"I've noticed that quite a lot of people who are prominent in the animal liberation movement are Jews. Maybe we are simply not prepared to see the powerful hurting the weak." --Peter Singer (Author, Animal Liberation)


The Hills Are Alive With the Sound of Jew-Punk

If Tuesday’s post about 10 Jewish punk bands and my follow-up featuring Di Nigunim’s Forest Borie tickled your fancy, feast your eyes on these updates about the thriving subculture of Jewish punk.

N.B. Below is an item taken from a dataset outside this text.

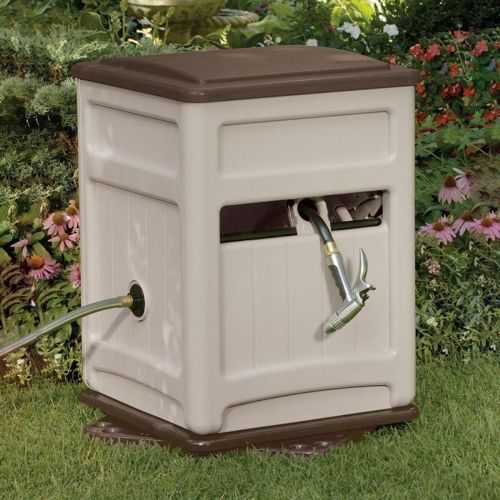Swivel Hose Hideaway Hose Reel with Smart Trak Hose Guide and Bin. Accepts 225 feet of ⅝ inch hose. Base swivels any direction. Stakes included. Smart Trak™ hose guide tracks hose neatly onto reel. Easy reeling with half the effort. Sturdy resin construction. Patented Easy-Link® system ensures a watertight connection between hose reel and hose. Large storage bin provides place to store accessories. Comes fully assembled. Dimensions: 26" W × 21" D × 29 ¾" H. Color Taupe with bronze accents.

In August—at the same time Di Nigunim will be taking the West Coast by stormCAN CAN will be playing shows in Louisville, Chicago, Indianapolis, New Jersey, Baltimore, Philadelphia, Providence, Long Island, New York City, and North Carolina. Check CAN CAN’s MySpace page for details. CAN CAN has a new album called Monsters & Healers in the works, and frontman Patrick A. continues to do great things with Punk Torah.

Moshiach Oi! Album
Better Get Ready, the debut album from Torah hardcore band Moshiach Oi!, will officially be released on August 25 as part of Shemspeed’s Summer Music Festival in New York. If you want Moshiach Oi! now and you don’t want to wait, you can download songs or the entire album from Rhapsody or Amazon. Click here to watch a one-minute promo video featuring the song “Moshiach Oi.”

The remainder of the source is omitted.